AVAILABLE DATA:
━━━━━━━━━━━━━━━━━━━━

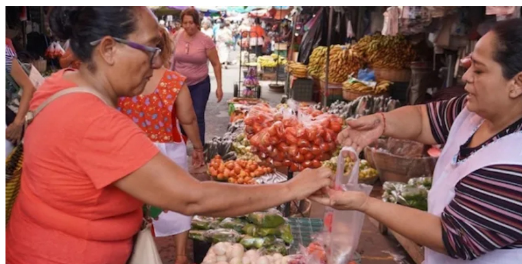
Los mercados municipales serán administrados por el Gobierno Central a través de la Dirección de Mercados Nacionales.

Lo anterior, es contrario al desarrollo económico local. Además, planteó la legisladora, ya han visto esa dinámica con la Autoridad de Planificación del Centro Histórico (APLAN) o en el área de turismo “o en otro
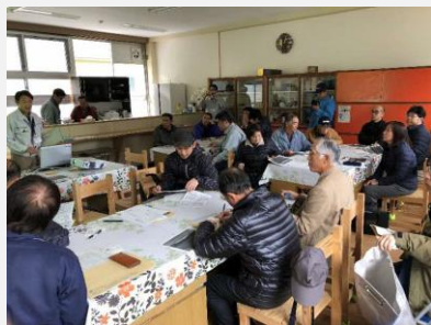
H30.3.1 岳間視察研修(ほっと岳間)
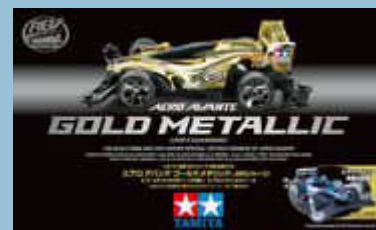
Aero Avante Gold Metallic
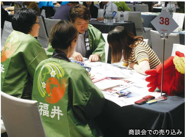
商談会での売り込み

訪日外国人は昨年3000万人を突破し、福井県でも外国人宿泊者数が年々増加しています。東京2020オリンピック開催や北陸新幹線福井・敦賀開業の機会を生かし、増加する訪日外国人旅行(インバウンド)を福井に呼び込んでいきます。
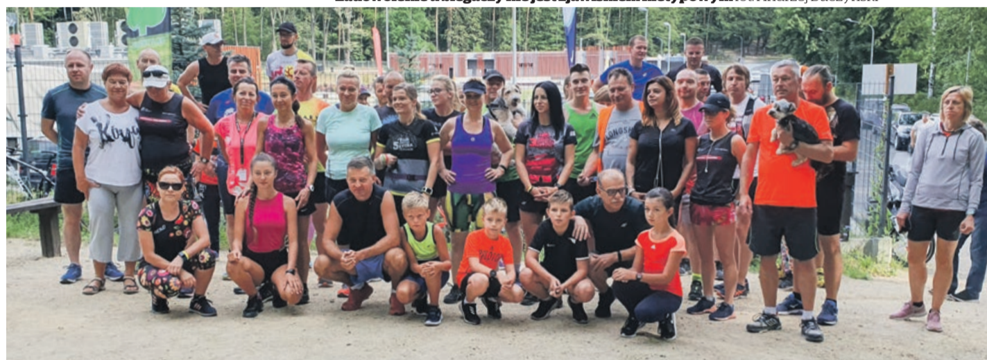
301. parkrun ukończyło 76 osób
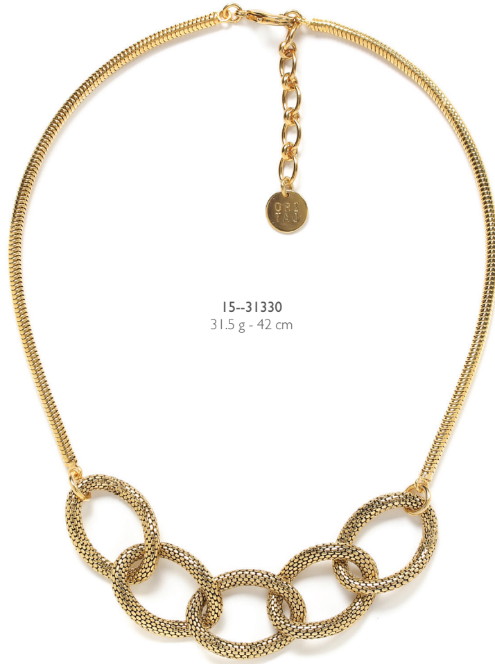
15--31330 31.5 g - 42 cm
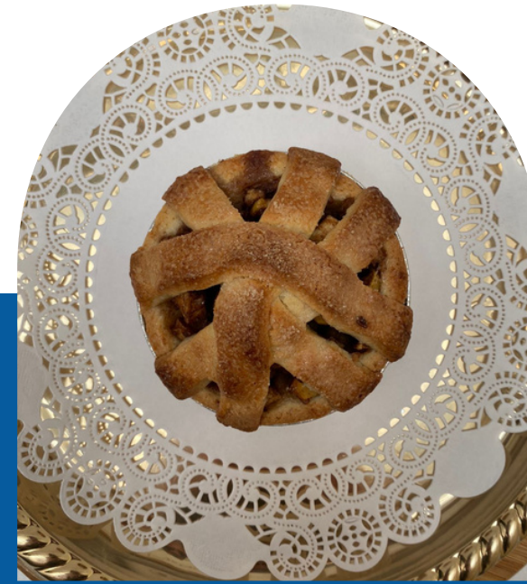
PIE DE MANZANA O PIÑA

━━━━━━━━━━━━━━━━━━━━

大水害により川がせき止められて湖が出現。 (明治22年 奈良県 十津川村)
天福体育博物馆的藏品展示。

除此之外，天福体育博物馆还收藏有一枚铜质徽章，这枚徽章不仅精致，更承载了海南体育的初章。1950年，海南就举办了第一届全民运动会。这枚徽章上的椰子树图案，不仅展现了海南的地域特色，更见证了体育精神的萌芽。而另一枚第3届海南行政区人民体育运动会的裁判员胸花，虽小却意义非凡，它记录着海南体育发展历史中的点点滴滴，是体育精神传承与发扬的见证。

━━━━━━━━━━━━━━━━━━━━

EXERCISE: Using the records above, write out exactly the lines between the one holding "大水害により川がせき止められて湖が出現。 (明治22年 奈良県 十津川村)" and the one holding "除此之外，天福体育博物馆还收", inclusive; leave everything else out.

RESPONSE BOX:
大水害により川がせき止められて湖が出現。 (明治22年 奈良県 十津川村)
天福体育博物馆的藏品展示。

除此之外，天福体育博物馆还收藏有一枚铜质徽章，这枚徽章不仅精致，更承载了海南体育的初章。1950年，海南就举办了第一届全民运动会。这枚徽章上的椰子树图案，不仅展现了海南的地域特色，更见证了体育精神的萌芽。而另一枚第3届海南行政区人民体育运动会的裁判员胸花，虽小却意义非凡，它记录着海南体育发展历史中的点点滴滴，是体育精神传承与发扬的见证。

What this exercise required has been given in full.